In this business, we work for the kids. It may be corny but it is true. The kids drive the corporation. All others come after them. Surely teachers are important, and the behind-the-scenes positions who work for little pay that keep the schools moving like janitors and food workers and paras. Then school administrators, then central office and the superintendent and board. But it has to start with the kids.

What led you to aspire to be superintendent of Webster Parish Schools?

My superintendent asked me if I would be interested in the position and suggested I apply if I was. Others called or emailed me to ask if I would be applying. I came home and spoke with my wife about it.

She prayed about it and woke up the next morning and said she would support me and is behind all of it. I'm just tickled to death to be here. Applying for this is a natural progression for me. I would have never thought I would be applying to be a superintendent, especially with my negative attitude while I was in school; but I am and it feels good.

Can a guy from Baton Rouge, a big city, work in a rural school setting?

To make a move here, would be like coming back to where I started. I know how to do rural. With my experience in Zachary – I will have no problem with the rural setting. I'm applying here because I feel like this is where I am supposed to be.

How would you foster communication with the board?

There is always phone and email and you have to use those regularly. I would want to start a weekly recap, maybe a mailed letter or email, where things that have gone on in the past week – good and bad – are communicated to you.

I think it is also important to be available to the board. I have to block out time on my schedule to say – this is for Jerry Lott because he had a question or this hour or two is for Johnnye Kennon because she has concerns about schools in her district. Or this time slot in the morning is for coffee or lunch with this board member so we can just talk about things in general.

How do you feel about the requirements for minimum academic standards for student athletes?

I am completely in favor of it and I think we have to be. I was a band director for many years and equate myself to a coach in many ways. You just have to make academics first. I have heard people say that if the kids didn't have football or art or their choice of activity that the kids wouldn't come to school. But we cannot let it be that way.

I know of a student who was recruited by another public school to play football. In order to get around the minimum academic requirements, the school suggested he be placed in special education classes.

The parent agreed to it and the kids was happy about it because he got to be a football star. But then graduation came, and how do you think he and his parents felt when he could not get a diploma? That student cannot go to college and does not have a diploma. But he was a high school foot ball star.
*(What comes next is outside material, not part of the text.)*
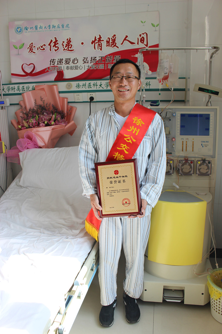 打過(guò)8針造血干細(xì)胞動(dòng)員劑,10月30日上午開始采集?!袄习郑佑?!”兒子在病床前給鄭剛鼓勁兒,雖然經(jīng)過(guò)了幾天動(dòng)員針的不適反應(yīng),此時(shí)鄭剛依舊很堅(jiān)定:“我比別人的打針反應(yīng)大,只要能救人一命,這都不算啥,我現(xiàn)在就希望孩子能盡快康復(fù)。”徐州市紅十字會(huì)副會(huì)長(zhǎng)李永衛(wèi)為鄭剛頒發(fā)了“捐獻(xiàn)造血干細(xì)胞榮譽(yù)證書”,為他點(diǎn)贊:“你是英雄!”患者家人在感謝信中寫道:“您這種高尚的壯舉給了我們?nèi)疑畹南M??!?/span>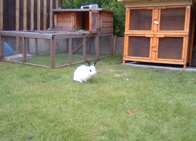 Images of some of our hutches, run and the resident Rabbit, BINKY & our pet friendly dog, ROXY.

We are asking kids to maintain a 2.0 and what is that really? It isn't unachievable and I would like to see it higher. It has to be about academics because our kids need it.

What would be your priority to get acclimated to the area? How soon could you be here?

I brought with me a copy for each board member of my 90-day plan. It focuses on making myself available, study your system, and on organization. I could be here yesterday. I am ready. My supervisors know I am here and we feel comfortable in the people working in East Baton Rouge to continue on without me.

How would you deal with tenured teachers who are waiting for retirement, whose teaching methods are lazy and who have a poor attitude?

It all revolves around data. When I see data that reflects badly on a teacher or principal, I call a conference and we work to fix the problem.

You give support and put a plan in motion that should resolve the issue. If the plan doesn't bear fruit in two to three weeks, you develop a more in-depth and detailed plan. If there is still no fruit in five to six weeks, we terminate. We want to get employees out if they are hurting kids.

(Following the interviews of Morris Busby and David Phillips, all five applicants answered six questions that were submitted by those attending the public forum. The majority of the answers each applicant gave to the public questions were very similar, with some slight variances.)